Лабух

       

       –Я не знаю, когда ты уже повзрослеешь, перебесишься, поумнеешь?! Что ты ноешь всё время: «Уеду, уеду». Ты голоден? Тебя унижают, обзывают жидом? Что ты молчишь?
       –Но пойми, Ада, я кручу эту проволоку целый день, как дурак...
       –Крути, как умный!
       –Нет, постой, представь себе эти ячейки, ячейки и так целый день. Да у меня уже руки, как панцирь у черепахи! Я не могу играть! Пальцы не гнутся!
       –Слушай, ты что маленький?! Сколько можно играть?! Тебе ещё не надоело? Даже наш Игаль уже не подходит к твоей гитаре, его больше компьютер интересует. Играть он хочет в сорок два года!
       –Всё равно я уеду, меня ребята зовут, будем опять лабать в ресторане. Там теперь порядок, охрану поставили. В конце концов мне тут не с кем и на рыбалку сходить!
       –Соскучился по своим пьяным корешам? Так и скажи. Едь, я плакать не буду. Мне на Игаля пособие дадут. А ты мотай в свой дерьмовенький город, в свой занюханный ресторан. Лабух несчастный! Будет мало посетителей, тебе же ни копейки не заплатят! А где жить будешь, ты об этом подумал? А костюм ресторанный где возьмёшь, а?
       –Во-первых, в ресторане всегда накормят, да получше, чем ты, во-вторых, у меня там друзья настоящие, найду себе угол, не бойся! И костюм справят.
       –Ты хоть бы сына постыдился. Игрун!
       –Это он нас с тобой стыдится! Не заметила? Когда он сюда дружков своих приводит, нас старается не представлять, не афишировать. А может, он и прав. От твоего жирного халата такое амбре идёт, что кого хочешь стошнит! Уеду я, не могу больше.

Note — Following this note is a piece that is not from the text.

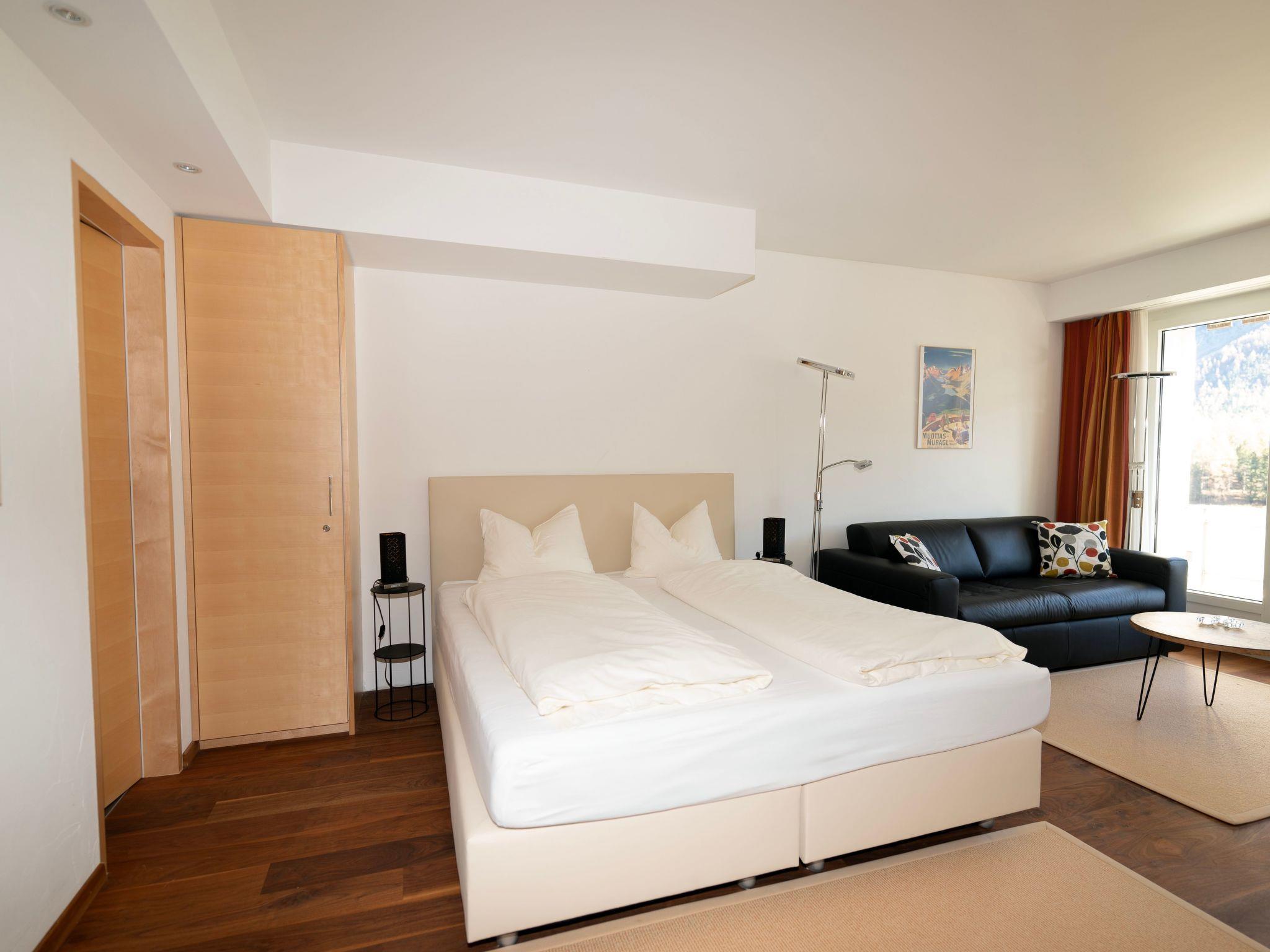 In the living room/bedroom there is a dining table with 4 chairs, a pull-out sofa, a double bed and a TV. A garage parking space belongs to the room.
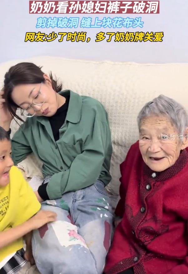一下变限量款了!内蒙古,女子跟着老公一起去看望奶奶,没想到,奶奶看到孙媳妇穿着破洞的牛仔裤后,还以为是裤子坏了,直接剪掉破洞,然后亲手缝上一块花布头。网友:少了时尚,但多了奶奶牌的关爱 当天,女子进屋后,就被奶奶盯上了她这条破洞的裤子,在她的眼里,这不是时尚,而是漏风,连忙就让孙媳妇坐到沙发上,自己拿起剪刀开始剪洞,一边剪还一边叨咕:我给你剪了,完了一会我再给你缝上 女子看到奶奶的样子,也没有阻拦,就坐在沙发上让老人操作,她也知道这是奶奶的一片心意 而经过奶一番裁剪,原本破洞的地方不见了,取而代之是一块带着大花的白布,奶奶摸着剪裁的地方,也是心满意足的笑了 有网友表示:看到这个想起我一个哥们,在城里混成了高管,收入颇丰,结果染上了打高尔夫的毛病,晒得黢黑、满手老茧。春节回老家看奶奶,奶奶看着大孙子,心疼得掉眼泪,说道:实在不行就回来吧,家里种两亩地,也不至于苦成这样! 还有网友说:当年流行那种衣服裤子局部磨损风格的服装。 我奶奶看我穿着这样的衣服,回屋里拿了2000块钱给我,让我买好吃的…再买些新衣服 其实真就是这样,时尚是流动的,但爱有它自己固执的模样。它可能不那么“懂”你,可能带着代沟的痕迹,但它从不打折 那条被缝上花布头的牛仔裤,大概会是这位女子衣柜里最特别的一件,它不再时髦了,但每一次看到那块花布,都会想起奶奶戴着老花镜、一针一线缝补的样子。这哪里是“坏了”的裤子,分明是被爱加固过的

       –Скатертью дорожка!
       Семён хлопнул дверью и вышел на улицу, благо вечером хоть не так жарко! Он крупно шагал по предместью Тель-Авива. Тихо, на улицах ни души, будто вымерло всё. Ещё бы! Это уже Яффо – арабский город. Серые дома с облупившейся штукатуркой, застроенные тесные дворики с наружными лестницами, закрытые лавки. Тоска…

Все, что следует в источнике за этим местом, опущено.